The URL can be https:// or base64-encoded data: URIs for "inline" image usage. In code, this would be:

dotprompt.SetDirectory("prompts")
describeImagePrompt, err := dotprompt.Open("describe_image")
if err != nil {
	return err
}

imageBytes, err := os.ReadFile("img.jpg")
if err != nil {
	return err
}
encodedImage := base64.StdEncoding.EncodeToString(imageBytes)
dataURI := "data:image/jpeg;base64," + encodedImage

type DescribeImagePromptInput struct {
	PhotoUrl string `json:"photo_url"`
}
response, err := describeImagePrompt.Generate(
	context.Background(),
	dotprompt.WithInput(DescribeImagePromptInput{
		PhotoUrl: dataURI,
	}),
	nil,
)

Prompt Variants

Because prompt files are just text, you can (and should!) commit them to your version control system, allowing you to compare changes over time easily. Often times, tweaked versions of prompts can only be fully tested in a production environment side-by-side with existing versions. Dotprompt supports this through its variants feature.

To create a variant, create a [name].[variant].prompt file. For instance, if you were using Gemini 1.5 Flash in your prompt but wanted to see if Gemini 1.5 Pro would perform better, you might create two files:

  • my_prompt.prompt: the "baseline" prompt
  • my_prompt.geminipro.prompt: a variant named "geminipro"

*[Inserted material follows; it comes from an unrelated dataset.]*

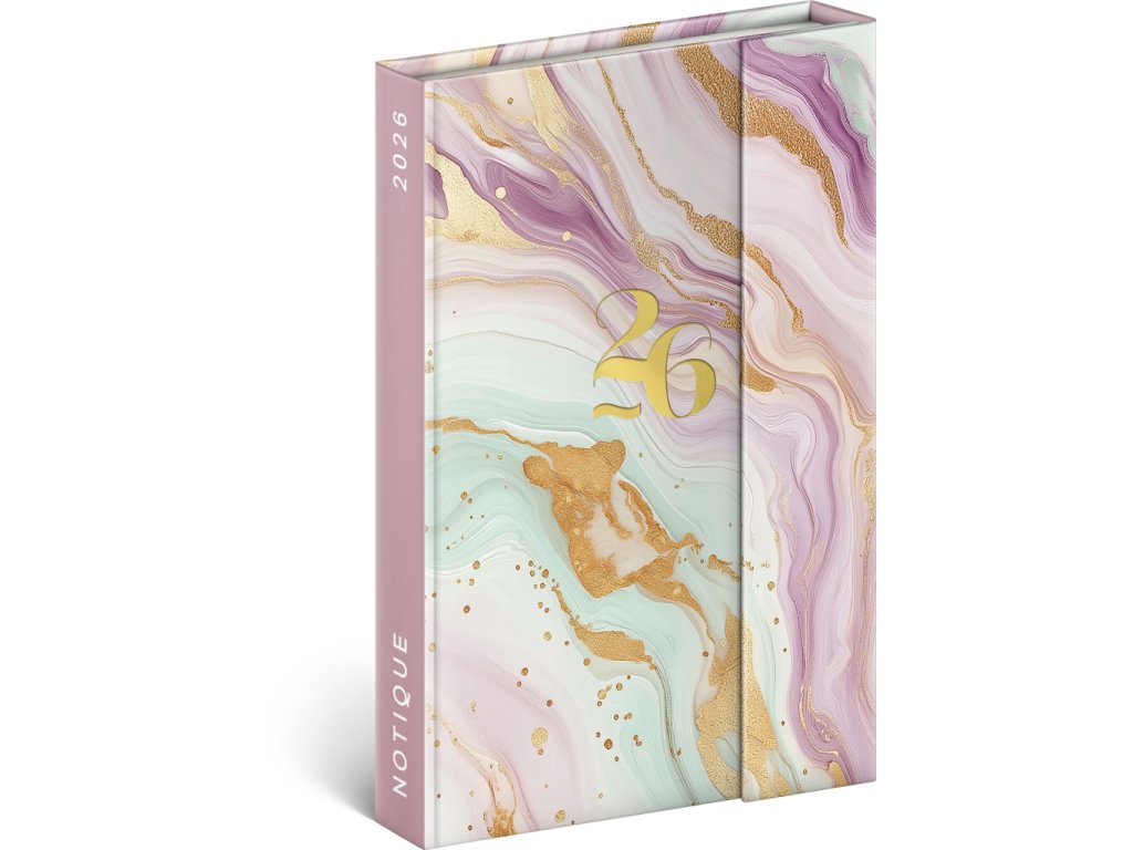 NOTIQUE Týdenní magnetický diář Růžový mramor 2026, 11 x 16 cm

To use a prompt variant, specify the variant when loading:

describeImagePrompt, err := dotprompt.OpenVariant("describe_image", "geminipro")

The prompt loader will attempt to load the variant of that name, and fall back to the baseline if none exists. This means you can use conditional loading based on whatever criteria makes sense for your application:

var myPrompt *dotprompt.Prompt
var err error
if isBetaTester(user) {
	myPrompt, err = dotprompt.OpenVariant("describe_image", "geminipro")
} else {
	myPrompt, err = dotprompt.Open("describe_image")
}

The name of the variant is included in the metadata of generation traces, so you can compare and contrast actual performance between variants in the Genkit trace inspector.